Когда старик ушел, Прокофьев бросился к Лук-ницкому.
— Где ты его нашел?
— Дзержинский, — сияя, ответил Яша.
— Что Дзержинский? Приказал его найти?!
— Почти. Он приказал помочь тебе. Плохо ты, значит, знаешь Феликса Эдмундовича, — укоризненно покачал Яша головой, видя, как удивился Прокофьев. — Ты что же думаешь: послал он тебя в Одессу и забыл? Ты думаешь, Дзержинский не знал, как тебе тут трудно придется? Все знал. И если не знал подробностей, догадывался. Ты сообщил ему о том, что обнаружил скрипку?
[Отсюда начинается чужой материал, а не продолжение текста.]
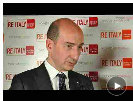
Giorgio Spaziani Testa, presidente Confedilizia, a margine di RE ITALY Winter Forum 2018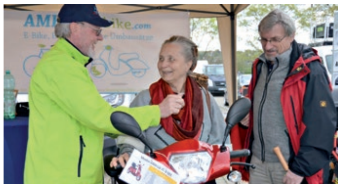
Fasziniert ließen sich die Besucher der 6. Fahrzeugschau Elektromobilität die zahlreichen Modelle mit E-Antrieb vorstellen.

— Сообщил, — кивнул Прокофьев.
Получив первое сообщение из Одессы от Прокофьева, Дзержинский очень обрадовался. Но вот прошло уже немало времени, а от Прокофьева больше не было вестей. Дзержинский связался с Одесской губчека, узнал, что Прокофьев добросовестно проводит все время в порту, но безрезультатно, и понял, что Прокофьеву надо помочь. Вывоз ценных скрипок не прекратился — ясно. Просто раньше это удавалось легко — не имея никаких указаний, не зная ценности инструментов, наконец, не умея отличить редкую скрипку от обыкновенной, таможенники не обращали на них особого внимания, тем более что у владельцев скрипок всегда имелись документы — конечно, поддельные. И вот распространился слух о том, что скрипки уже так просто не вывезешь. Значит, нашли какой-то способ прятать их. Но скрипка не иголка, ее не спрячешь в подкладку. Скрипку провозят открыто, но так, чтоб она не обращала на себя внимания…
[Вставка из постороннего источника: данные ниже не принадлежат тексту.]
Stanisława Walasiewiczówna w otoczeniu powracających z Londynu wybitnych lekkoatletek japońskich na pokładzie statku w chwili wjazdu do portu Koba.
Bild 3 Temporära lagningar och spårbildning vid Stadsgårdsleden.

И Дзержинский снова связывается с Одессой. А потом Яша Лукницкий несколько дней ходит по улицам, встречается со знакомыми, слушает музыку в городском саду на Дерибасовской…
В Москве снег еще только начал превращаться в веселые говорливые ручейки, а одесситы уже ходили без пальто и даже начинали подумывать о купанье — весна в этом году была ранняя.
В один из таких весенних дней к классному вагону, стоящему у платформы, подошел взвод красноармейцев. Железнодорожники с любопытством поглядывали на этот вагон — прошел слух, что его выделили по распоряжению самого Ленина. Всех интересовало, кто же поедет в нем. Железнодорожники видели, что в вагон внесли вещи. Собственно, даже не вещи, а какие-то футляры, похожие на футляры скрипок. И это тоже было удивительно. Конечно, скрипки — инструмент уважаемый. Но чтоб для них специальный вагон — этого одесситы не ожидали. И все-таки это было именно так. В вагоне, выделенном по специальному распоряжению Ленина, ехали скрипки, редчайшие музыкальные инструменты, ставшие теперь достоянием народа.
Теперь тысячи людей будут приходить в музей редких музыкальных инструментов, единственный в мире музей, созданный по предложению и при самом горячем участии Феликса Эдмундовича Дзержинского, чтоб посмотреть на скрипки Страдивари.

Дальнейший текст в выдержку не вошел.